A large crowd take part in a rally in St. John's on Feb. 3, 2017, as part of a larger national movement of solidarity after the shooting massacre at a Quebec City mosque.Paul Daly/The Canadian Press
Lisa Kerr is an assistant professor in the faculty of law at Queen’s University.
In a Quebec City mosque, on Jan. 29, 2017, Alexandre Bissonnette killed six Muslim men during their evening prayers. It comes as little surprise that his case raised the question: what is the most severe punishment that a Canadian court can lawfully impose?
On Friday, the Supreme Court ruled that a 2011 law passed by former prime minister Stephen Harper’s government violates the ban on “cruel and unusual punishment” in Section 12 of the Charter of Rights and Freedoms.
Under the Harper-era law, judges were given the power to “stack” the 25-year period of parole ineligibility that applies to first-degree murder. In theory, Mr. Bissonnette, 27 at the time of his offence, could have received 150 years in prison before being eligible for parole. The average life expectancy of inmates who die of natural causes is 60. The law was designed with a clear purpose: those who kill multiple victims could receive terms of imprisonment that ensure death before a parole hearing.
In its unanimous decision striking down the law, the Court noted that the severity of this penalty was “without precedent” in this country’s history since the abolition of the death penalty in the 1970s.
There are many kinds of punishment that are unacceptable in contemporary Canada. The legal test, according to the Supreme Court, is whether a penal method is “intrinsically incompatible with human dignity.” Consider the obvious examples of lobotomy, castration, capital punishment and indefinite solitary confinement. These penalties are clearly beyond the pale, no matter the offence and no matter the offender. The Court has now held that a penalty of death-in-prison – imprisonment without a realistic hope of review – is similarly “degrading and dehumanizing.” Such a punishment must be “excluded from the arsenal of sanctions available to the state.”
All intentional killings in Canada receive a sentence of life imprisonment, and Mr. Bissonnette’s case does not change that aspect of the law. With this decision, the law reverts to the 25-year period of parole ineligibility for first-degree murder. This automatic penalty, enacted as a political compromise to achieve the abolition of capital punishment, is also comparatively severe. Many countries stipulate far earlier reviews. In Canada, the reality will continue to be that many people will die in prison. The Court’s decision simply makes clear that a court cannot specifically and deliberately condemn a person to that fate at the outset of their sentence.
A very small number of inmates serving life sentences in Canadian penitentiaries have murdered multiple people. Invariably, they face a profoundly uphill battle at their parole hearings. As a starting point, they need an extraordinary record of good behaviour, meaningful insight into their offences and deep remorse. Many will never be released by a parole board that is focused on public safety. But the Court’s decision means they must have a realistic opportunity to ask.

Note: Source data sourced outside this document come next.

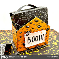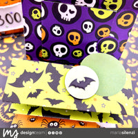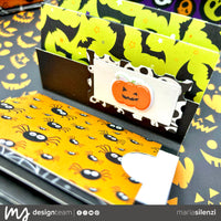 Ho creato e rivestito la casina con la carta Halloween 1 e 2, mentre per il mini album ho usato anche la carta Halloween 3 e una monocromatica nera che trovate nel pad “color palette mini basic colors”.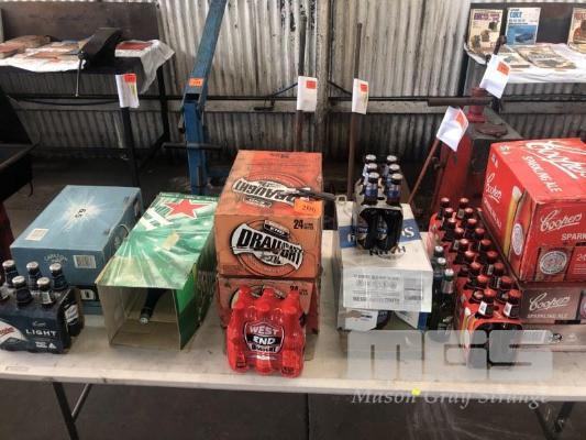 QUALITY BOTTLE OPENER, INCLUDING 7+ CARTONS OF 10c RECYCLABLE BOTTLES (LIQUID CONTENTS THROWN IN)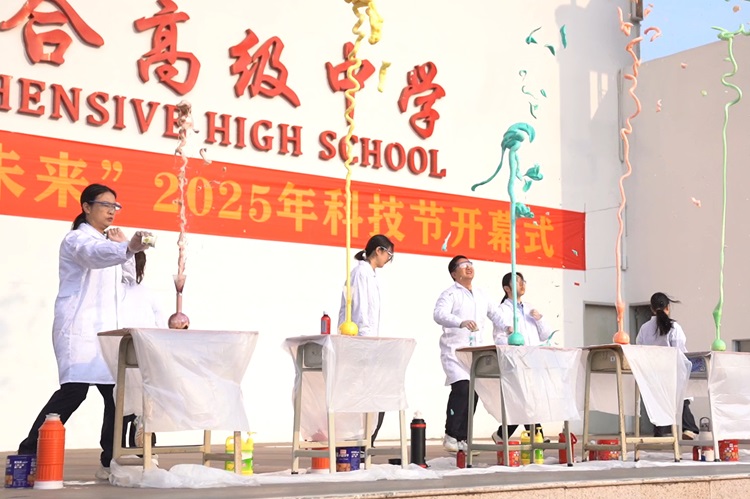 科技项目展示环节精彩纷呈。物理科组和化学科组的老师们带来了多个趣味实验,让同学们近距离感受科学的魅力。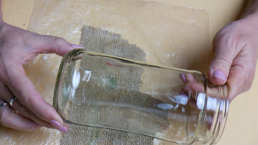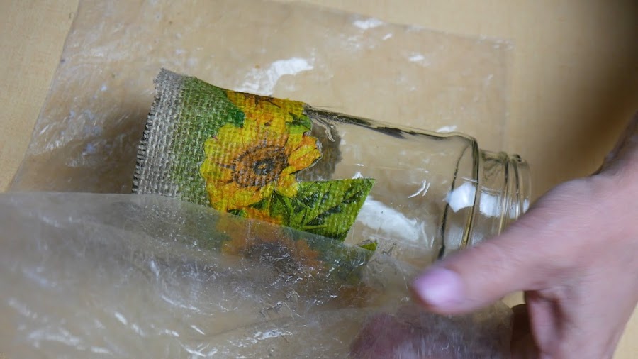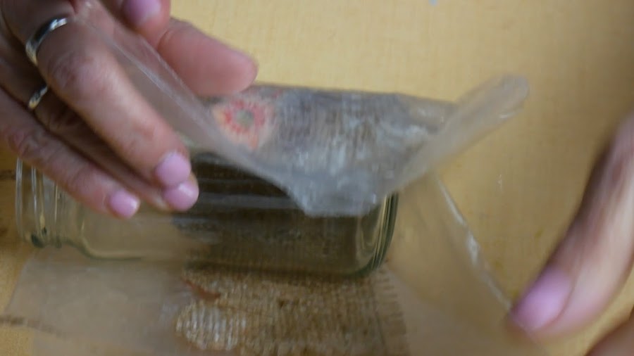 Apoyo el frasco teniendo en cuenta cual es la parte principal, y lo comienzo a envolver, ayudándome con el plástico.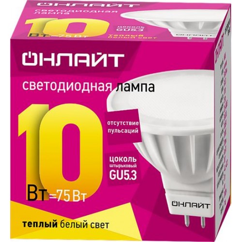 Лампа светодиодная ОНЛАЙТ GU5.3 10Вт MR16, теплый свет Арт. 61889 в магазинах Лента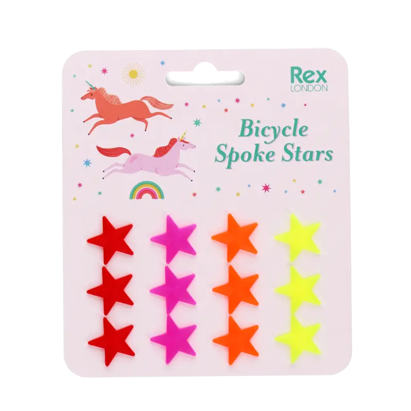 Ein Set mit 12 sternförmigen Dekorationen, die an den Speichen eines Kinderfahrrads befestigt werden können und für Farbe und Flair sorgen. Teil unserer Einhorn-Kollektion.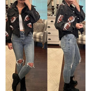 VERSATILE STYLE – Perfect for casual outings, sporty events, or weekend errands, this jacket can be dressed up or down. Pair it with jeans, skirts, or leggings to create effortless everyday outfits. Its unique football sequin detail adds a fun statement without overpowering the look.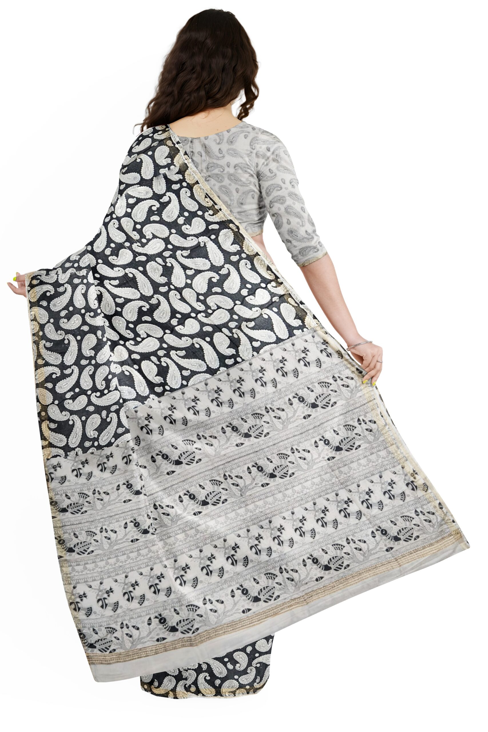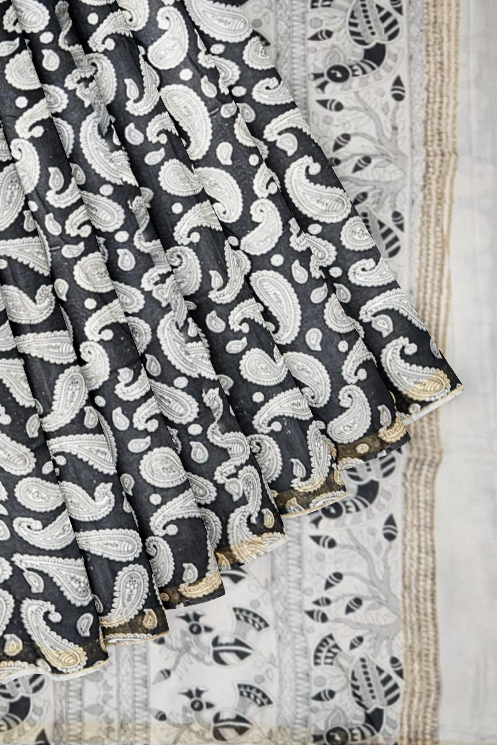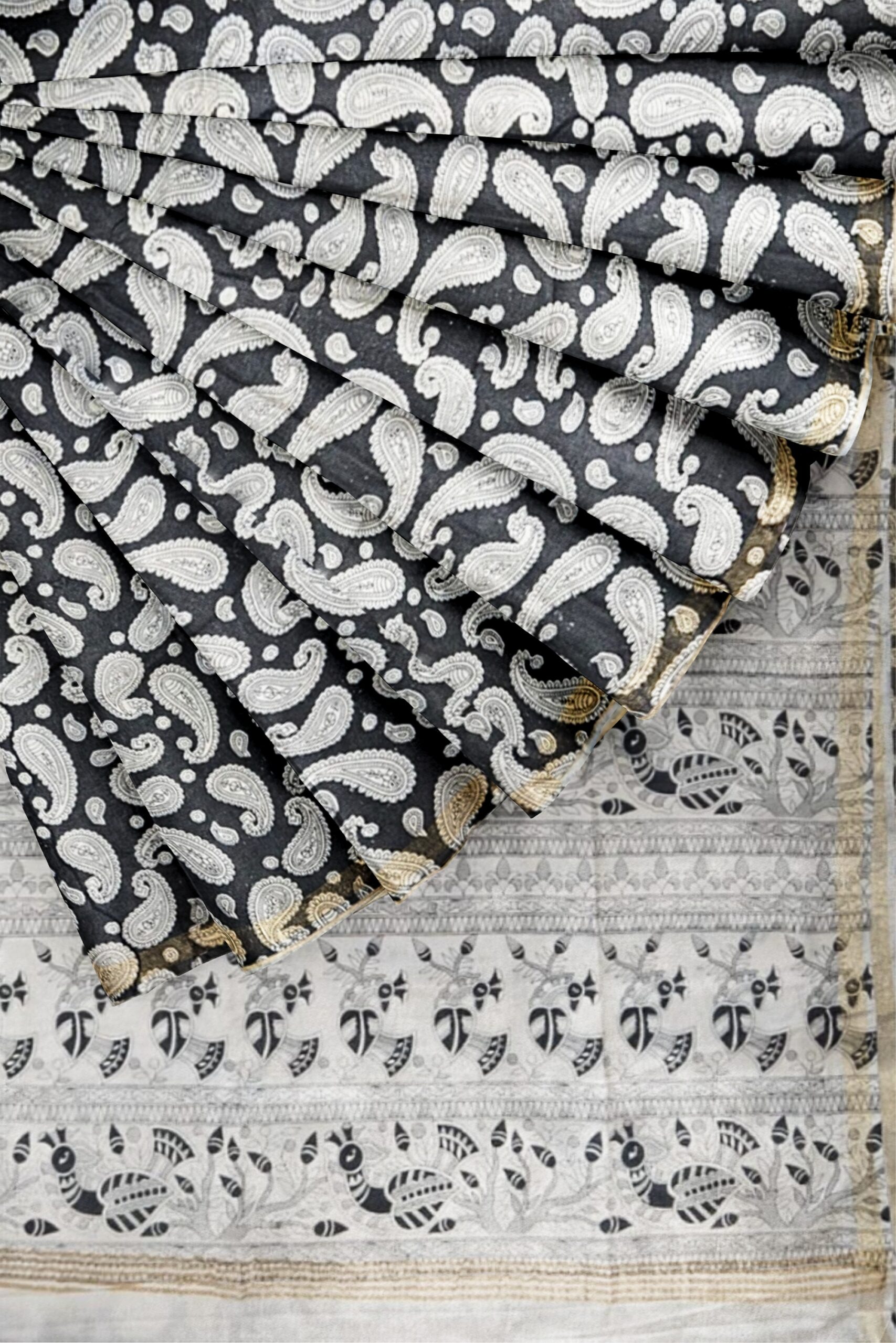 Black and White Cotton Saree with Paisley and Tribal Pallu Design – Tussar Muga Sarees

In January, I assisted in the filing of the Queen’s University Prison Law Clinic’s intervener argument on the Bissonnette case to the Supreme Court. We explained that imprisonment without the prospect of release is fundamentally at odds with the core values of our penal order. Such a sentence has no rehabilitative purpose – it recognizes no possibility of transformation or growth. With no hope of eventual review, the entire experience of incarceration is necessarily meaningless. The Court observed that the psychological consequences of such imprisonment are comparable with those experienced by people on death row, since only death will end their incarceration. Such prisoners also have little incentive to conform to prison rules, making the job of prison officials even more difficult.
It is crucial to understand that the question raised in this kind of case is not about what the offender deserves. When it comes to Alexandre Bissonnette or Alek Minassian – who awaits sentencing for killing 10 pedestrians with a van in Toronto – no punishment meted out could amount to proportionate retribution for the harm caused. In such a case, there can be no true match between the crime and the punishment. Indeed, the nature of the wrong and the extent of harm caused extends beyond ordinary human understanding.
The Court accepted that the question is not what the offender merits as a sanction, but rather what types of punishment the state is permitted to employ. As U.S. civil rights lawyer Bryan Stevenson often says about the American death penalty: “It is not whether they deserve to die, but whether we deserve to kill.” Mr. Stevenson is referring to the U.S. history of slavery, lynching and Jim Crow laws, in the context of a death penalty that continues to discriminate against Black people. But the general point stands. When it comes to the most extreme punishments for the most extreme offences, the question is not what they deserve but, rather, who we are.